----- GIVEN MATERIAL
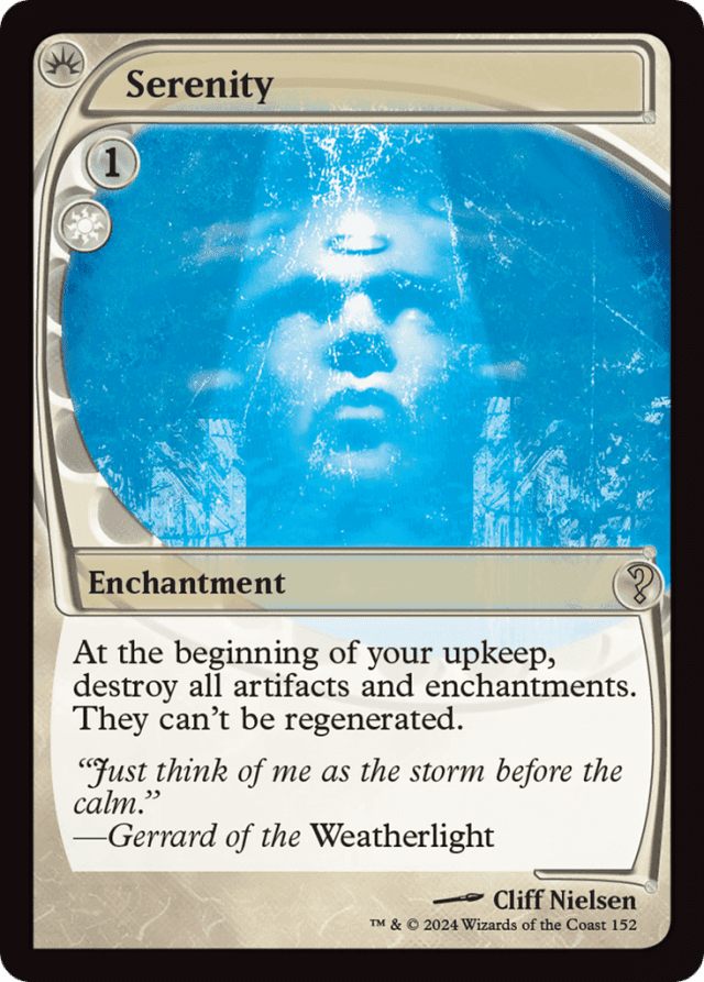 At the beginning of your upkeep, destroy all artifacts and enchantments. They can't be regenerated.
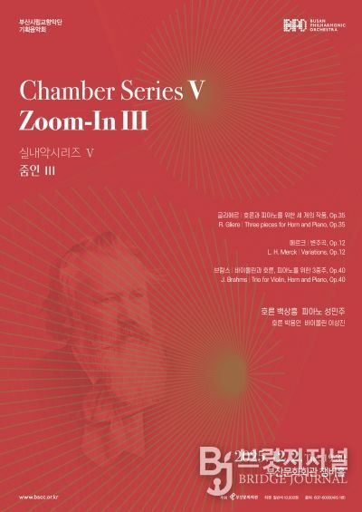 '줌인' 시리즈는 한 명의 단원에 집중해 가까이서 호흡하고 음악으로 교감하는 기획 시리즈로, 2022년 12월 첫 공연을 올린 뒤 다양한 악기의 독주곡들로 관객들과 밀접하게 소통하며 많은 사랑을 받고 있다. 이번 무대에선 부산시립교향악단의 호른 부수석 백상흥과 피아니스트 성민주, 호르니스트 박용인과 바이올리니스트 이상진의 빛나는 호흡으로 아름다운 무대를 선사할 예정이다.
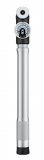 Eine Person hält ein Laufrad an der Nabe vor sich und greift die Mutter eines Schnellspanners mit zwei Fingern.
----------
Write out all of the data above exactly, pictures excluded.

 At the beginning of your upkeep, destroy all artifacts and enchantments. They can't be regenerated.
 '줌인' 시리즈는 한 명의 단원에 집중해 가까이서 호흡하고 음악으로 교감하는 기획 시리즈로, 2022년 12월 첫 공연을 올린 뒤 다양한 악기의 독주곡들로 관객들과 밀접하게 소통하며 많은 사랑을 받고 있다. 이번 무대에선 부산시립교향악단의 호른 부수석 백상흥과 피아니스트 성민주, 호르니스트 박용인과 바이올리니스트 이상진의 빛나는 호흡으로 아름다운 무대를 선사할 예정이다.
 Eine Person hält ein Laufrad an der Nabe vor sich und greift die Mutter eines Schnellspanners mit zwei Fingern.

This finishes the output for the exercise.